Activity
Check every line of the data for the string "water" and copy the ones that have it.

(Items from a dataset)
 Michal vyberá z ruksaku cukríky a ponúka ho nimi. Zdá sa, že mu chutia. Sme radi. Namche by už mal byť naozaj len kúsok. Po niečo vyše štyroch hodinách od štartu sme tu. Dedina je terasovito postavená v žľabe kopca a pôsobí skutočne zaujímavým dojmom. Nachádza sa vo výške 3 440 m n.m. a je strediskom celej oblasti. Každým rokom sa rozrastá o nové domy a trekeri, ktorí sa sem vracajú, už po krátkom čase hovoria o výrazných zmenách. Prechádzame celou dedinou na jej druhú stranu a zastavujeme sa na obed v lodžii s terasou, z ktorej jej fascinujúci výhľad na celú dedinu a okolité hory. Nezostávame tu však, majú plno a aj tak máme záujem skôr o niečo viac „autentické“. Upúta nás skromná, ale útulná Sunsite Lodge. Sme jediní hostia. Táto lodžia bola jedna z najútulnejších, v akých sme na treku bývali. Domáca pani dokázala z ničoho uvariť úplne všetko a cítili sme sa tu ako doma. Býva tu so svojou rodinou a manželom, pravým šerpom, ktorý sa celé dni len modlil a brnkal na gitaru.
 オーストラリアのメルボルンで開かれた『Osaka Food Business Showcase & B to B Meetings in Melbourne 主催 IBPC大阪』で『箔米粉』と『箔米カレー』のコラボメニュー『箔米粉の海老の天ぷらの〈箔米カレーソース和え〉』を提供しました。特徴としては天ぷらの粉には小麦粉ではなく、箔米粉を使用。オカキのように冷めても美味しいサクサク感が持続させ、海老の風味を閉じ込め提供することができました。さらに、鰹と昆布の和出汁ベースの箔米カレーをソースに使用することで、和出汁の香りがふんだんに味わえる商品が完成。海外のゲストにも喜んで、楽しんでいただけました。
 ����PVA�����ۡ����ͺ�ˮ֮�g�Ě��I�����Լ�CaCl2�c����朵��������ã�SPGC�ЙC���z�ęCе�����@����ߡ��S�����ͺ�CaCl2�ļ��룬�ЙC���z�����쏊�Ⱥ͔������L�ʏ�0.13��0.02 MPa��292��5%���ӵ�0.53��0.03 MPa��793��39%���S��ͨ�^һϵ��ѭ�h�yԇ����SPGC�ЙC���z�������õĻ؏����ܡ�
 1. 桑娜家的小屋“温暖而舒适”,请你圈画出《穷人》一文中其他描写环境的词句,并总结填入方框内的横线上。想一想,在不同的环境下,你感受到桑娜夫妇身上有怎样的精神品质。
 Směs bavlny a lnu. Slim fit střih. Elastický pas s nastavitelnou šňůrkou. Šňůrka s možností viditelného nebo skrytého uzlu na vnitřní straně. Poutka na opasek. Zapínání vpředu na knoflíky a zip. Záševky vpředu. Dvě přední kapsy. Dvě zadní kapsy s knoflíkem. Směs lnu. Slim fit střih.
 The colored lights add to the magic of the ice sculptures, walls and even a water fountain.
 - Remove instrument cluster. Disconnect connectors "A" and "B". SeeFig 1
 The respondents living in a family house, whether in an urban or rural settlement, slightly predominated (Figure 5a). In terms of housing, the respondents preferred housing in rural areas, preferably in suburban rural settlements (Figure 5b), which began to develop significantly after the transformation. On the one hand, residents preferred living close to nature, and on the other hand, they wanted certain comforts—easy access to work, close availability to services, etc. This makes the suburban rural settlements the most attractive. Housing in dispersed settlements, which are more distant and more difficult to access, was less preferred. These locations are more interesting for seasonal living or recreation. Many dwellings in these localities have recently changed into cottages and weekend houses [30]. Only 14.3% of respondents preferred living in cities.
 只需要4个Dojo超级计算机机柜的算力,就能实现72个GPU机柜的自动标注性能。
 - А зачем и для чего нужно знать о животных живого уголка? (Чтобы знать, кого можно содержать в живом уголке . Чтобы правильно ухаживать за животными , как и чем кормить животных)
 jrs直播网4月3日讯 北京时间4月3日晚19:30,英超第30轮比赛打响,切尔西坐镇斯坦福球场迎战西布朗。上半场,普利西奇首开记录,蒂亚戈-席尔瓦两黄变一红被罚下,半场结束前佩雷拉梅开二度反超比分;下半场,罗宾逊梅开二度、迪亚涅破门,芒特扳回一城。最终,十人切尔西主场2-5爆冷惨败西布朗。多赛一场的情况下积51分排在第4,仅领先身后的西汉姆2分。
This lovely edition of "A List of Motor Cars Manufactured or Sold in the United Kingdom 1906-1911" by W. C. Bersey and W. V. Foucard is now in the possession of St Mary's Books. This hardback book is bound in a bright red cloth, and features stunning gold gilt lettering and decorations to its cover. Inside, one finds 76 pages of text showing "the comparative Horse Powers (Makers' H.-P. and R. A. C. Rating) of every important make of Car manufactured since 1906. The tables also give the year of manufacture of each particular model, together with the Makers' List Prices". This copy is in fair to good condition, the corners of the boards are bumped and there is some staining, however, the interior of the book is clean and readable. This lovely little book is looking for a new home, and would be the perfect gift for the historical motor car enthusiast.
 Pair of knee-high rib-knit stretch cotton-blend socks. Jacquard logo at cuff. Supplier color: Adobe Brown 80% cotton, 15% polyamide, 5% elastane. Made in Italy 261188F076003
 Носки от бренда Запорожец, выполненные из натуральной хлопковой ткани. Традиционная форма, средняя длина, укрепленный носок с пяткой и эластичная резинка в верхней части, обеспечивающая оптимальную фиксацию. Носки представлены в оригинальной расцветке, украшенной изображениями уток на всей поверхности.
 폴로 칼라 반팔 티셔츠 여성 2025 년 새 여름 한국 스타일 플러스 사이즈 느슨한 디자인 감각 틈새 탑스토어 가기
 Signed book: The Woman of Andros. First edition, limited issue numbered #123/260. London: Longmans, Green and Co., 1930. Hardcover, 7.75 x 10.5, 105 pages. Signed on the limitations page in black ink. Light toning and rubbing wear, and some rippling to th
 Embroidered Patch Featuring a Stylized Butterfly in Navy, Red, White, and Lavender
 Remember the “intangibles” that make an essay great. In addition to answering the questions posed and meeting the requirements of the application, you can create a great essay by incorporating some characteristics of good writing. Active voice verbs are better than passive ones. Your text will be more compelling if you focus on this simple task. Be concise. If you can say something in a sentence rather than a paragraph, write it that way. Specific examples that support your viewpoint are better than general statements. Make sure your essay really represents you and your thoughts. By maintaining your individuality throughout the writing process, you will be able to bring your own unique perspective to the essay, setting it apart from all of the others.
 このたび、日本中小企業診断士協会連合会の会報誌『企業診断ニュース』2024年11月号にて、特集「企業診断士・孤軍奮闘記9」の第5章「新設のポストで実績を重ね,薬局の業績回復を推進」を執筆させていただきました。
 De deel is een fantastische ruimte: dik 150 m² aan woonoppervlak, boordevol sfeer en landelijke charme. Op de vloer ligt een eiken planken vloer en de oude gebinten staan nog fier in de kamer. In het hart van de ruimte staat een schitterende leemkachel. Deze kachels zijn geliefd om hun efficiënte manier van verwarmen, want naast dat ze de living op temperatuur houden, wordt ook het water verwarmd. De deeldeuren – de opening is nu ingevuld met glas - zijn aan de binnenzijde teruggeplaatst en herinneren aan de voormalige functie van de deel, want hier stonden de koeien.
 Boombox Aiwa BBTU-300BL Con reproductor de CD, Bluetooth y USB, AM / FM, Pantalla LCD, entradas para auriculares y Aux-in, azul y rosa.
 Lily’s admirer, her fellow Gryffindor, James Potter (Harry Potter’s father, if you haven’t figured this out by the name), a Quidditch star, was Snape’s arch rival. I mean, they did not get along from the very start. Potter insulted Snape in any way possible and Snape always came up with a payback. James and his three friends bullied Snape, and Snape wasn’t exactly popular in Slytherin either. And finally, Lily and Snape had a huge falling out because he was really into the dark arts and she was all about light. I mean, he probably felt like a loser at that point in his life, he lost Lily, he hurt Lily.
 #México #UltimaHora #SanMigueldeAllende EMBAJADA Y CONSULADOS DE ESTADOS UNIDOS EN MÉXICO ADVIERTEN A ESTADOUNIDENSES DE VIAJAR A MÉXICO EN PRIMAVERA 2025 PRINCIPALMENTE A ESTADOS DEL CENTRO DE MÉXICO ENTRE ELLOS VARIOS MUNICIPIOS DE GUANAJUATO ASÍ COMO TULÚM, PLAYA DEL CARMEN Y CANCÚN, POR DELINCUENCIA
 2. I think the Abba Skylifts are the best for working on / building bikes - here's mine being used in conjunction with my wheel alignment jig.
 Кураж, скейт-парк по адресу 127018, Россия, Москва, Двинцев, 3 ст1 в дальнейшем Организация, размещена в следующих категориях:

Finished task
 The colored lights add to the magic of the ice sculptures, walls and even a water fountain.
 De deel is een fantastische ruimte: dik 150 m² aan woonoppervlak, boordevol sfeer en landelijke charme. Op de vloer ligt een eiken planken vloer en de oude gebinten staan nog fier in de kamer. In het hart van de ruimte staat een schitterende leemkachel. Deze kachels zijn geliefd om hun efficiënte manier van verwarmen, want naast dat ze de living op temperatuur houden, wordt ook het water verwarmd. De deeldeuren – de opening is nu ingevuld met glas - zijn aan de binnenzijde teruggeplaatst en herinneren aan de voormalige functie van de deel, want hier stonden de koeien.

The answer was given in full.